[Task goal]: Each line in the material below must be transcribed exactly; no picture belongs in the copy.

*** Material provided Section Begins ***

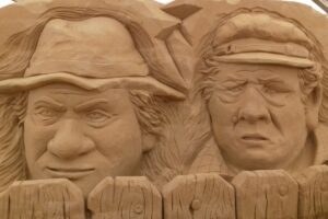 Choć w tym roku głośno było o rzeźbach przedstawiających Jezusa Chrystusa i Ostatnią Wieczerzę, wykonanych na plaży w Jelitkowie przez anonimowego artystę, to te najwspanialsze, zapierające dech w piersiach, nie powstają wcale na nadmorskich kąpieliskach, a zupełnie gdzie indziej. Piasek to kolejna po węglu kamiennym kopalina, z której można czynić cuda. Powie ktoś, że
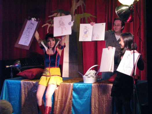 Everyone took a break to refill their drinks and then it was 10-minute pose time.  The first pose had a contest, the best depiction of “Disney Princesses Gone Wild,” with the prize being a Trikky mini vinyl DIY toy from Atomic Books.  Atomic Books is located on Falls Road just off the Avenue in Hampden.  If you haven’t been there before, you’re honestly missing one of the best indie comic shops in the country.
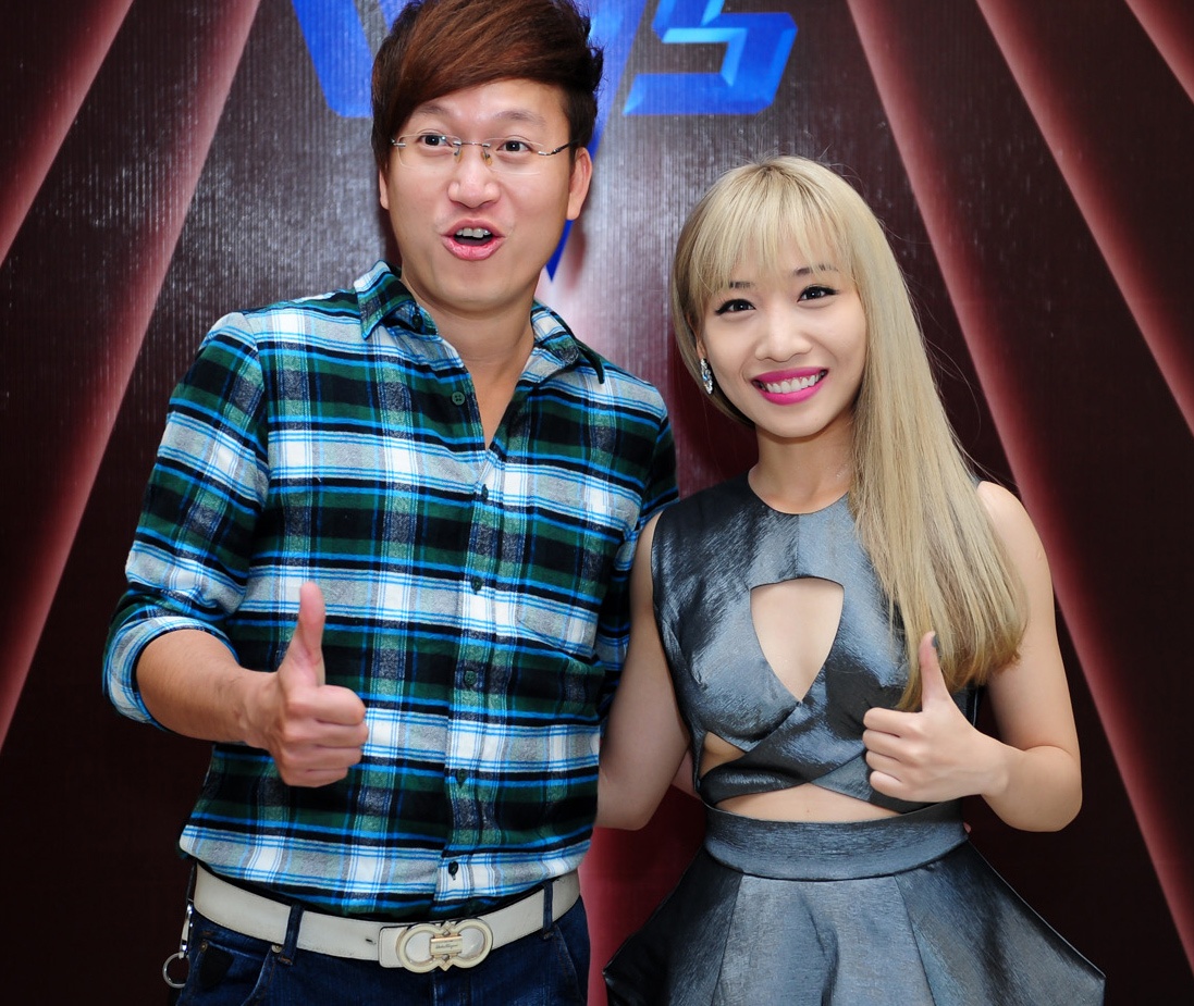 | Sỹ Luân và Hằng Bingboong nhí nhảnh trước ống kính. |

*** Material provided Section Ends ***

[Answer to the problem]:
 Choć w tym roku głośno było o rzeźbach przedstawiających Jezusa Chrystusa i Ostatnią Wieczerzę, wykonanych na plaży w Jelitkowie przez anonimowego artystę, to te najwspanialsze, zapierające dech w piersiach, nie powstają wcale na nadmorskich kąpieliskach, a zupełnie gdzie indziej. Piasek to kolejna po węglu kamiennym kopalina, z której można czynić cuda. Powie ktoś, że
 Everyone took a break to refill their drinks and then it was 10-minute pose time.  The first pose had a contest, the best depiction of “Disney Princesses Gone Wild,” with the prize being a Trikky mini vinyl DIY toy from Atomic Books.  Atomic Books is located on Falls Road just off the Avenue in Hampden.  If you haven’t been there before, you’re honestly missing one of the best indie comic shops in the country.
 | Sỹ Luân và Hằng Bingboong nhí nhảnh trước ống kính. |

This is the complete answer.